Need help solving trigonometric equation for all values between 0 and 360 degrees

Question

I am having some problems with the two following questions. I was wondering if someone could check my work or offer some insight.

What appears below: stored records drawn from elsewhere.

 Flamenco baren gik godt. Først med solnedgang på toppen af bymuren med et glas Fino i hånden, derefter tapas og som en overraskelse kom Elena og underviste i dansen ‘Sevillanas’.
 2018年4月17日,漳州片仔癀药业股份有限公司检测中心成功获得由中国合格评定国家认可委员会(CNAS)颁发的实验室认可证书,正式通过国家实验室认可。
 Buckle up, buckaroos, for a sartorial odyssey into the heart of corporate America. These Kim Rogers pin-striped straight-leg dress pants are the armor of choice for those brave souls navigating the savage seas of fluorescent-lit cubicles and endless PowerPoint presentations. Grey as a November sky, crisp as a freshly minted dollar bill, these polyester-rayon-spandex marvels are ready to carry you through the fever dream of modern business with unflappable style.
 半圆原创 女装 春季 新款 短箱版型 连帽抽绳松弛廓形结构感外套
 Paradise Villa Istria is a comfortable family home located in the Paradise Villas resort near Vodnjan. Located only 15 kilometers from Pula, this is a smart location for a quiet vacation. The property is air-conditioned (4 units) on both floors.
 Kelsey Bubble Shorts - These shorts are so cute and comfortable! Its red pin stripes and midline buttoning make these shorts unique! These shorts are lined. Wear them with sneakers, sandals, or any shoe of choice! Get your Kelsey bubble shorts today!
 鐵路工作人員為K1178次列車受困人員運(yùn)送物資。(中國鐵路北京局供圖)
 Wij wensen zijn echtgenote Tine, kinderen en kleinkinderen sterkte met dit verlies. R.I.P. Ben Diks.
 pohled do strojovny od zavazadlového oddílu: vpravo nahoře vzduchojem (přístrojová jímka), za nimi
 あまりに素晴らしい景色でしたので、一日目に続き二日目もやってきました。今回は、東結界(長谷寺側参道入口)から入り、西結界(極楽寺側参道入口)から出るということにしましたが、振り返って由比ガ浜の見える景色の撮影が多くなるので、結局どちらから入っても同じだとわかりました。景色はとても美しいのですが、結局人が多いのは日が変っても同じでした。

Solve the equation $22\cos^4{(\theta/2)}=3$ for all positive values of ${\theta} $ between 0 and 360 degrees

My solution is:

$$\cos^4({\theta}/2)=(3/22) \\ \cos({\theta}/2)=({3/22})^{1/4} \\ -((1+ \cos{\theta)}/2)^{1/2}=({3/22})^{1/4} \\ \cos{\theta}=-(((3/22)^{1/4*2}*2)-1)\\ {\theta}=74.8$$

Values for ${\theta}=105, 195$

---

Solve the equation $\sin{\theta}=1-6 \cos{\theta}$ for all positive values of $\theta$ between 0 and 360 degrees.

My solution is:

$${\sin{\theta}}^{2}=({1-6 \cos{\theta}})^{2} \\ {\sin^2}{\theta}=1-12\cos{\theta}+36\cos^2{\theta} \\ 1-\cos^2{\theta}=1-12\cos{\theta}+36\cos^2{\theta} \\ 0=37 \cos^2{\theta}-12 \cos{\theta} \\ 0= \cos{\theta}(37 \cos{\theta}-12) \\ \cos{\theta}=0=90, 270 ~\text{deg} \\ \cos{\theta}=(12/37) \\ \theta=71.1, 289 ~\text{deg}$$

Answer 1

$$\implies\cos^2\dfrac\theta2=\sqrt{\dfrac3{22}}$$

$$\implies\cos\theta=2\cos^2\dfrac\theta2-1=\sqrt{\dfrac6{11}}-1<0$$

$$\theta=360^\circ n\pm\arccos\left(\sqrt{\dfrac6{11}}-1\right)$$

Finally, use How do I prove that $\arccos(x) + \arccos(-x)=\pi$ when $x \in [-1,1]$?